### WORK TASK
Write out only the lines from the line containing "Il maestro truccatore" to the end of the listing below, both included, exactly as they stand. Drop the pictures.

### STORED DATA
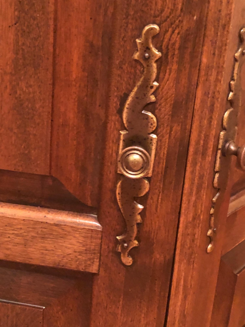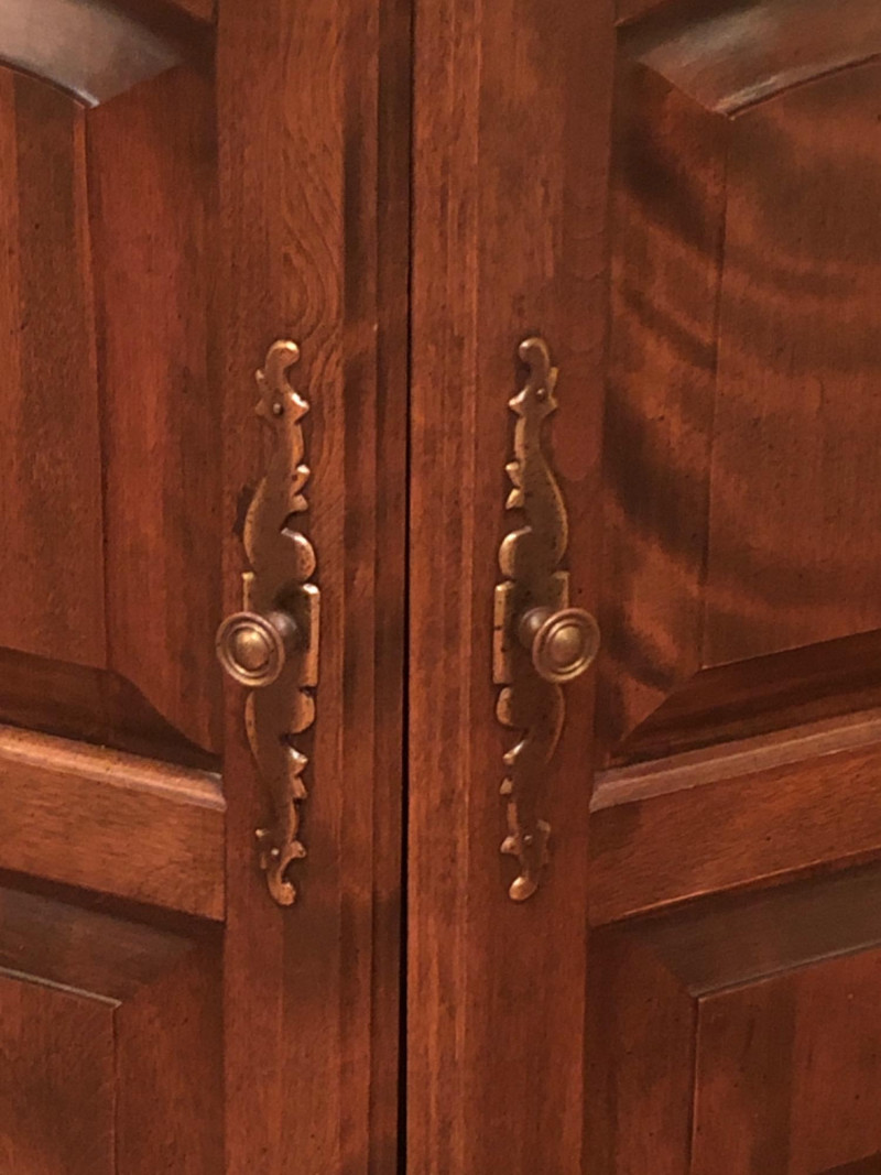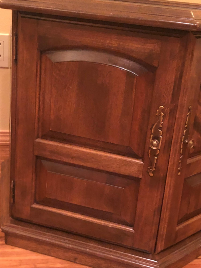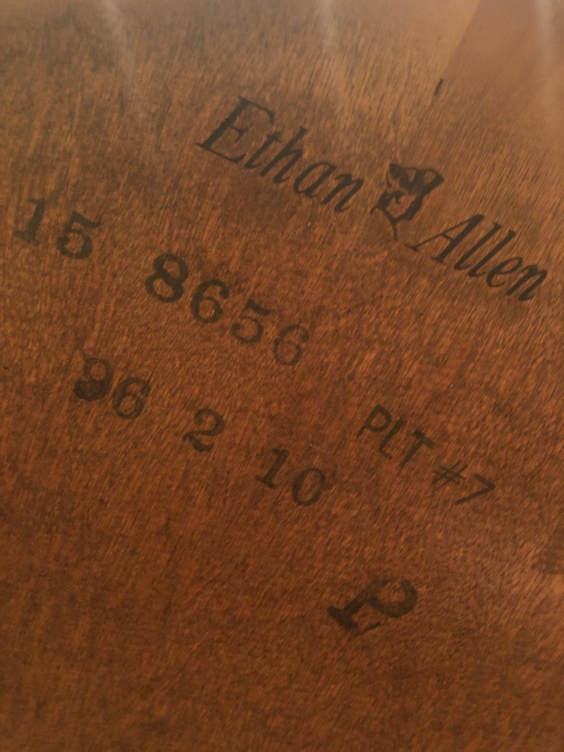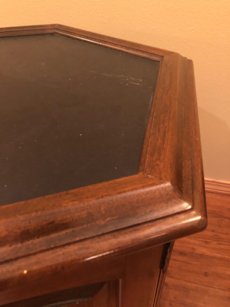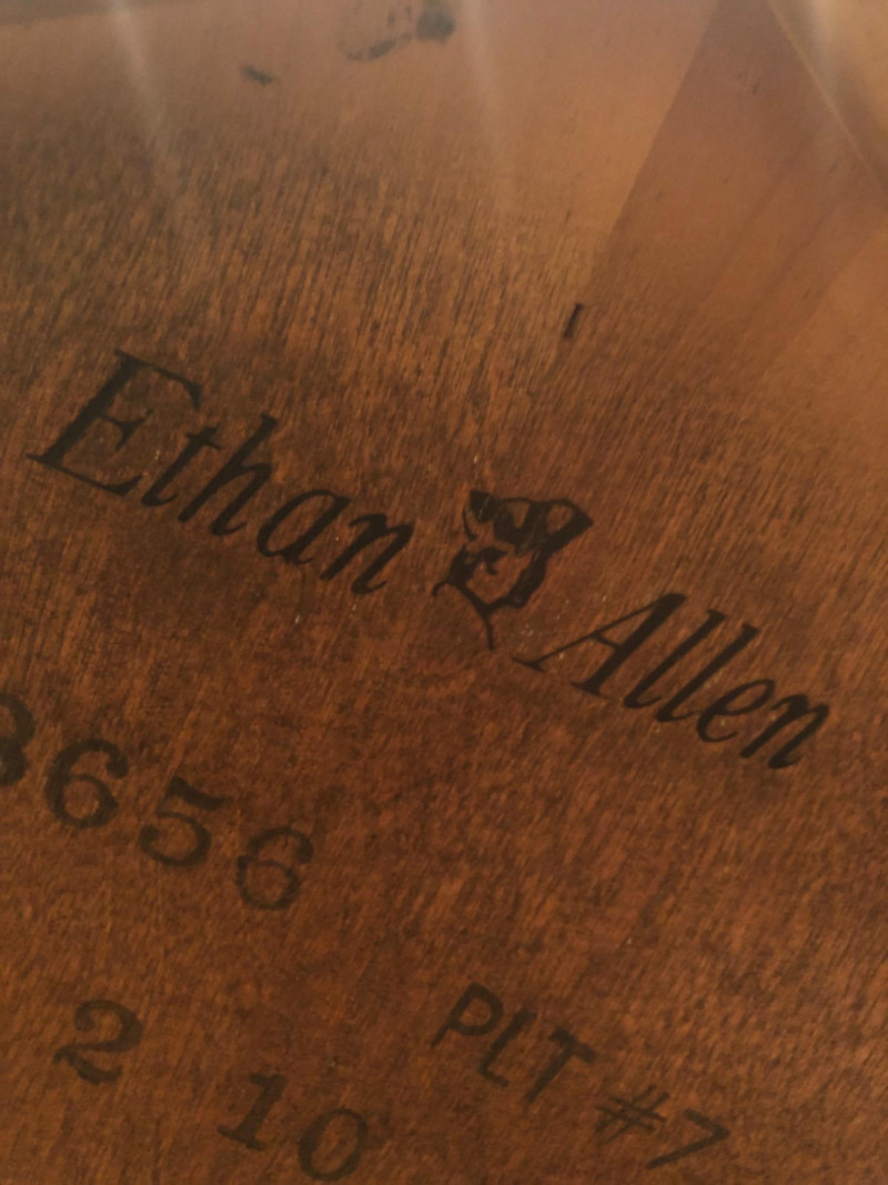 Striking hexagonal wood end table by Ethan Allen in classic mid-century design. Retro charm with enduring quality craftsmanship. Ample storage with double hinged doors. Bidding on this lot is an agreement that: (1.) You will have 2 capable, able-bodied persons to lift and load at a minimum. (2.) You
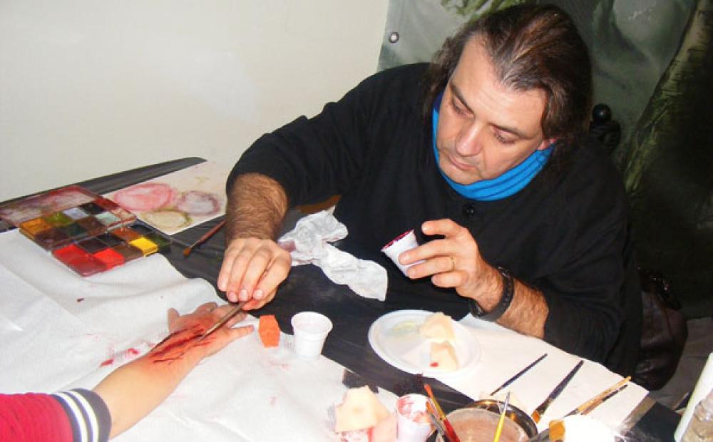 Il maestro truccatore Roberto Mestroni alla sua postazione delle "ferite da dinosauro" (foto Alessandro Tich)
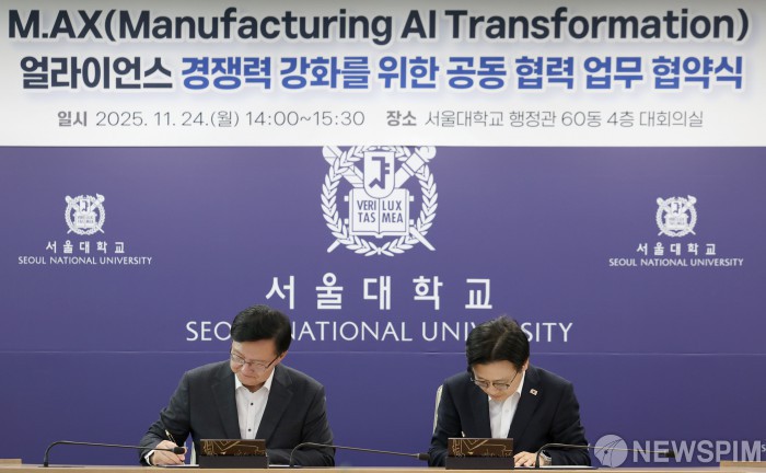 [서울=뉴스핌] 김정관 산업통상부 장관과 유홍림 서울대학교 총장이 24일 서울 관악구 서울대학교에서 열린 산업부-서울대 간 M.AX 얼라이언스 협력을 위한 MOU 체결식에서 협약서에 서명을 하고 있다. [사진=산업통상부] 2025.11.24 photo@newspim.com
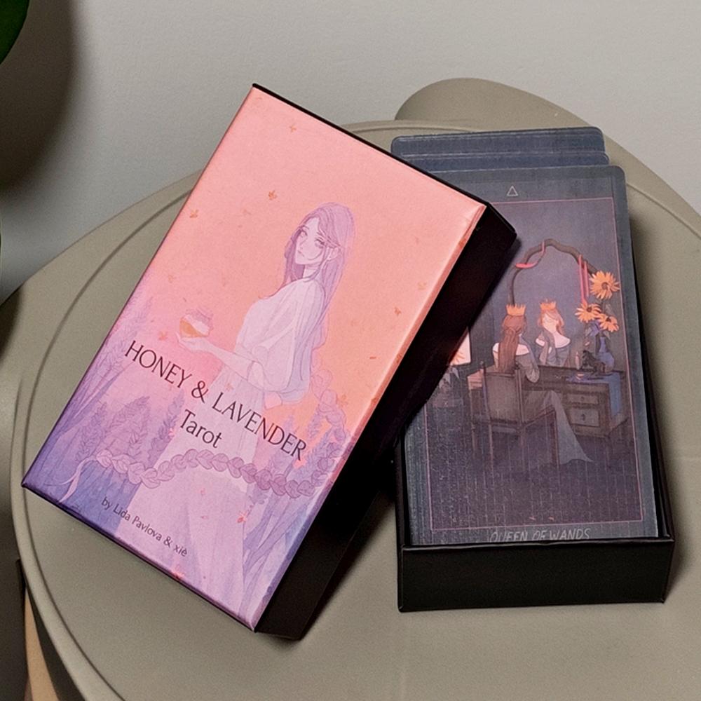 Таро «Мед и лаванда» 12*7 см в жесткой коробке, колода «Сказки и фэнтези», 78 карт, напечатаны на карточном картоне 350 г/м² с двойным тиснением

### SOLUTION FOR THIS TASK
 Il maestro truccatore Roberto Mestroni alla sua postazione delle "ferite da dinosauro" (foto Alessandro Tich)
 [서울=뉴스핌] 김정관 산업통상부 장관과 유홍림 서울대학교 총장이 24일 서울 관악구 서울대학교에서 열린 산업부-서울대 간 M.AX 얼라이언스 협력을 위한 MOU 체결식에서 협약서에 서명을 하고 있다. [사진=산업통상부] 2025.11.24 photo@newspim.com
 Таро «Мед и лаванда» 12*7 см в жесткой коробке, колода «Сказки и фэнтези», 78 карт, напечатаны на карточном картоне 350 г/м² с двойным тиснением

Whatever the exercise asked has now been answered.